Work task
In the data below, find the line containing "Astaro Software & Virtual Appliances" and the line containing "A rain garden", then reproduce them and every line between, exactly. Omit pictures.
--- Task inputs Enclosed Below ---
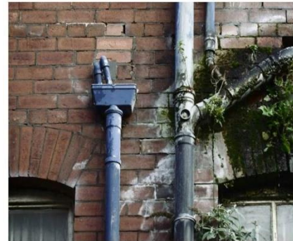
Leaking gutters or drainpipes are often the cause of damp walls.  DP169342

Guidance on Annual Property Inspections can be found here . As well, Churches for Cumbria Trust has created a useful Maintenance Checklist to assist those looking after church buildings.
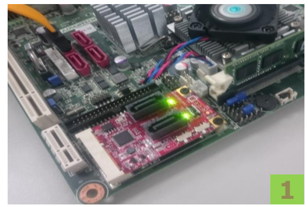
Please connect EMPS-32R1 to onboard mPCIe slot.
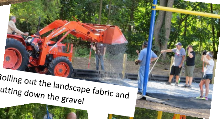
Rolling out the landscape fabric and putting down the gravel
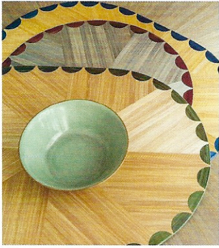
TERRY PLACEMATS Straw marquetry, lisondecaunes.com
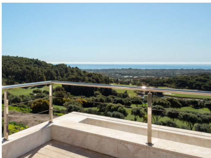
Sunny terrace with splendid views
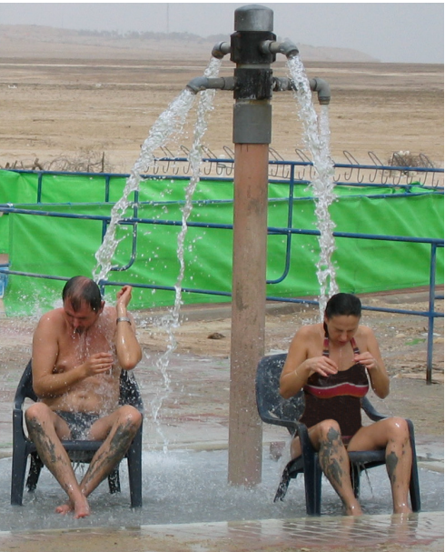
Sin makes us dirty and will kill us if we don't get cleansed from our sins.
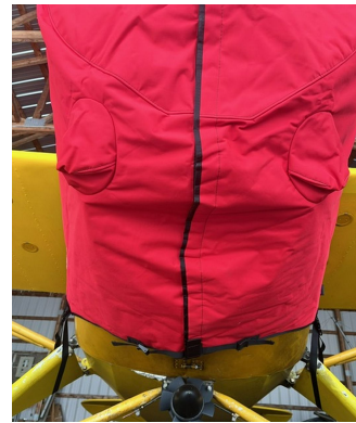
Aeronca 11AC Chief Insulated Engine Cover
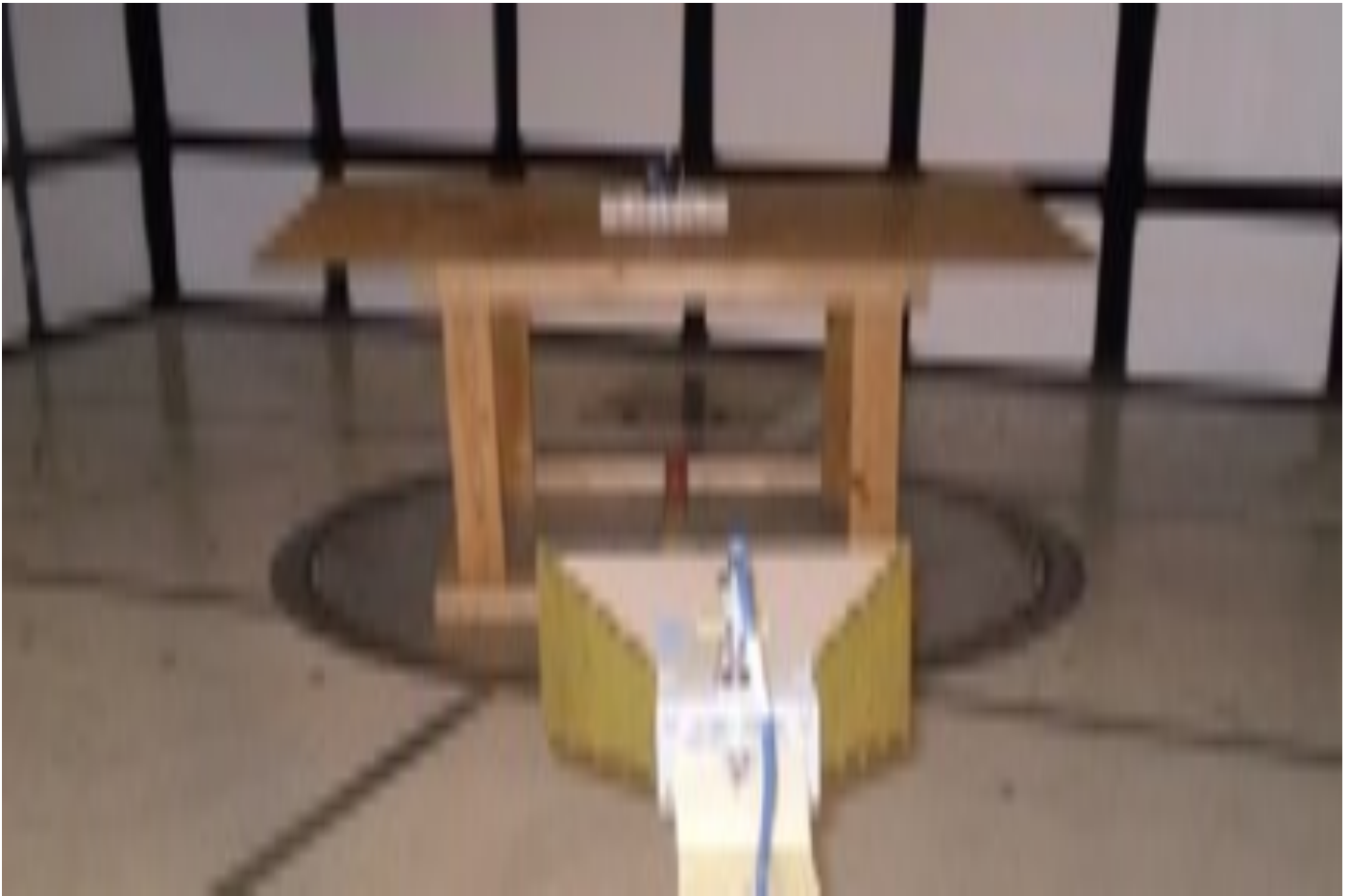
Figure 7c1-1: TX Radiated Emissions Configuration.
--- End of Enclosed Task inputs ---
--- Task inputs Enclosed Below ---
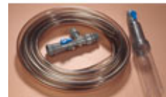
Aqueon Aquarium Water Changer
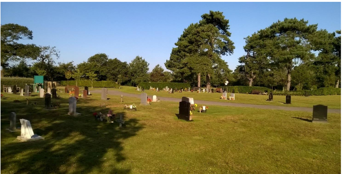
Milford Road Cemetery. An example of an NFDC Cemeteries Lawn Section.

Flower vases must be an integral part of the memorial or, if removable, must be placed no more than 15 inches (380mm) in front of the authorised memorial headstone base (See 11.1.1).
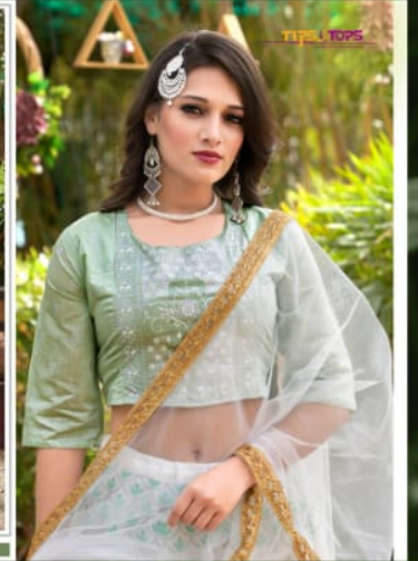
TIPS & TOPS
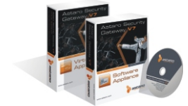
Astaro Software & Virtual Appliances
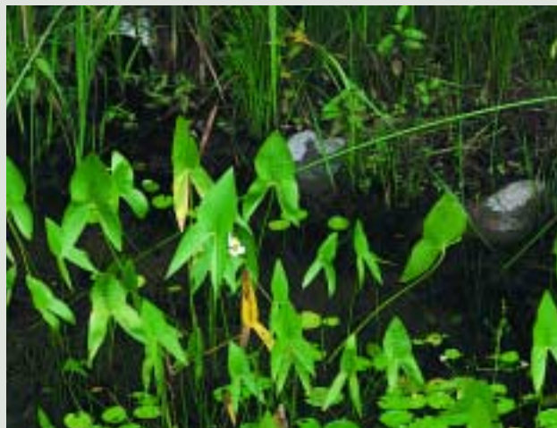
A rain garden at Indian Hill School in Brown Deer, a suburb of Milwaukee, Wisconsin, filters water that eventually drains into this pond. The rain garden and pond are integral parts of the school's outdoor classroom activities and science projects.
--- End of Enclosed Task inputs ---
--- Task inputs Enclosed Below ---
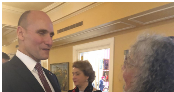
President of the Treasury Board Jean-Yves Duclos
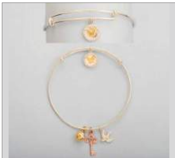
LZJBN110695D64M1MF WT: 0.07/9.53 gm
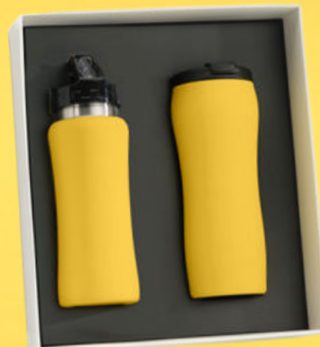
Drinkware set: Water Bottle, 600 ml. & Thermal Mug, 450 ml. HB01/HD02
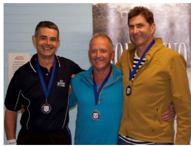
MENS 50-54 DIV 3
--- End of Enclosed Task inputs ---
Answer box
Astaro Software & Virtual Appliances
A rain garden at Indian Hill School in Brown Deer, a suburb of Milwaukee, Wisconsin, filters water that eventually drains into this pond. The rain garden and pond are integral parts of the school's outdoor classroom activities and science projects.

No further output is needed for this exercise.